De Alan Parker e seu sentido do tempo




Há filmes expressivos que, quando lançados, passam em brancas nuvens pelo circuito e, levando pouco tempo em cartaz, vão embora para nunca mais. Dois, os fatores determinantes do fracasso: a indiferença da distribuidora em proporcionar marketing eficiente e, principalmente em casos de obras acima da média, a ignorância da crítica quanto ao valor de certos realizadores. É o caso de Alan Parker, que os hermeneutas da sétima arte ainda não conseguiram ver-lhe a dinâmica, o sentido precioso que tem do tempo cinematográfico, o olhar detalhista capaz de contemplar os gestos mais insignificantes da condição humana e lhes dar uma dimensão analítica. Considerando que a crítica, que hoje se pratica, está mais afeita à resenha no esquema ‘guia de consumo’, ou ao comentário impressionista sem base referencial e conhecimento de causa, poderia até parecer normais tais ocorrências. O que se escreve atualmente sobre cinema se encontra mais ligado aos filmes de realizadores que estão ‘in’, que estão na moda, como é o caso de Pedro Almodóvar, ainda que este cineasta seja um grande talento, com universo ficcional e estilo próprio. Também são referendadas as obras que passeiam pelo circuito alternativo, como se o fato de uma determinada fita ser exibida, por exemplo, no Circuito Bahiano, tornasse-a, de per si, e por efeito varinha de condão, uma obra de arte. Assim os ledos e ivos enganos são imensos, abissais. Não se pode comparar, por exemplo, um Innarritu com um Parker, mas o primeiro é saudado com entusiasmo e o segundo completamente posto a escanteio.

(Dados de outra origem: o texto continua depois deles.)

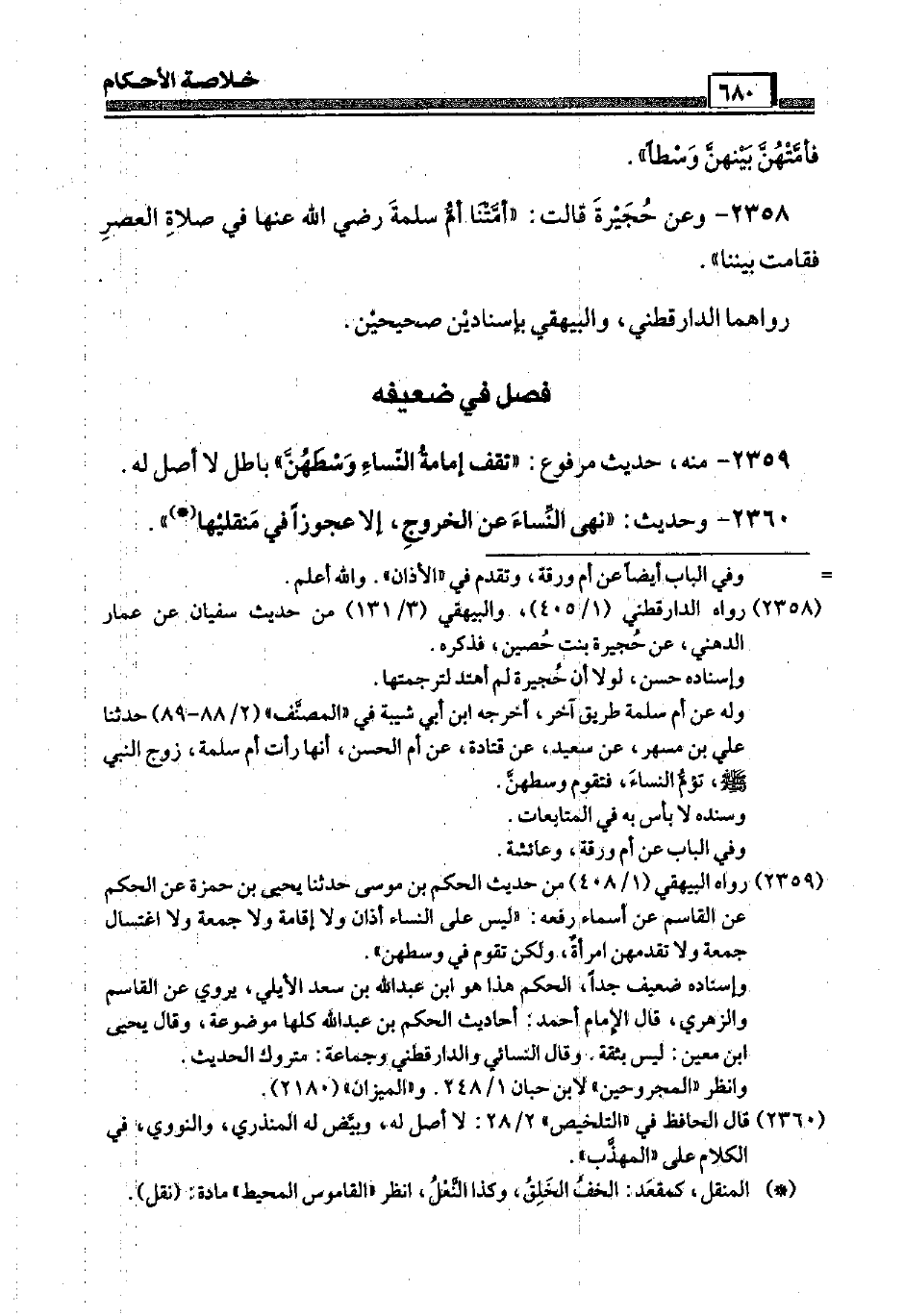 2358 - وَعَن حجيرة قَالَت: " أمَّتْنا أم سَلمَة رَضِيَ اللَّهُ عَنْها فِي صَلَاة الْعَصْر فَقَامَتْ بَيْننَا ". رَوَاهُمَا الدَّارَقُطْنِيّ، وَالْبَيْهَقِيّ بِإِسْنَادَيْنِ صَحِيحَيْنِ.

Estou me referindo a Alan Parker porque revi um belo filme de sua autoria: Bem-vindo ao paraíso (Come see the paradise, 1990). Em alguns momentos dessa obra, por causa de seu sentido narrativo expressivo e detalhista, cheguei a pensar nos filmes de David Lean (A ponte do rio Kwai, Passagem para a Índia, Lawrence da Arábia). Come see the paradise, porém, foi boicotado pelo distribuidor, embora queimado tivesse lançamento mundial. A causa está na revelação dos campos de confinamento instituídos pelo governo de Franklin Delano Roosevelt aos japoneses residentes nos Estados Unidos durante a Segunda Guerra Mundial. O fato, histórico, sempre procurou ser abafado, principalmente quando aconteceu nos tempos de Roosevelt, presidente muito respeitado. E, além do mais, os USA consideraram uma petulância que sua emergência temática tenha sido provocada por um inglês como Alan Parker.

Bem-vindo ao paraíso, assim à primeira vista, segundo os desconstrucionistas de plantão, talvez possa parecer mais um filme hollywoodiano, com narrativa clássica. O hábito, entretanto, não faz o monge. Uma obra cinematográfica pode ser grande e bela se usa o classicismo, dependendo, apenas, isso, do talento do realizador na manipulação dos elementos da linguagem cinematográfica. A julgar pela onda desconstrutivista e a mania da fragmentação como conditio sine qua non da artisticidade de um filme, toda a obra de um John Ford, de um Otto Preminger, de um Howard Hawks, de um Raoul Walsh, entre muitos outros, estariam varridas para a lixeira do esquecimento.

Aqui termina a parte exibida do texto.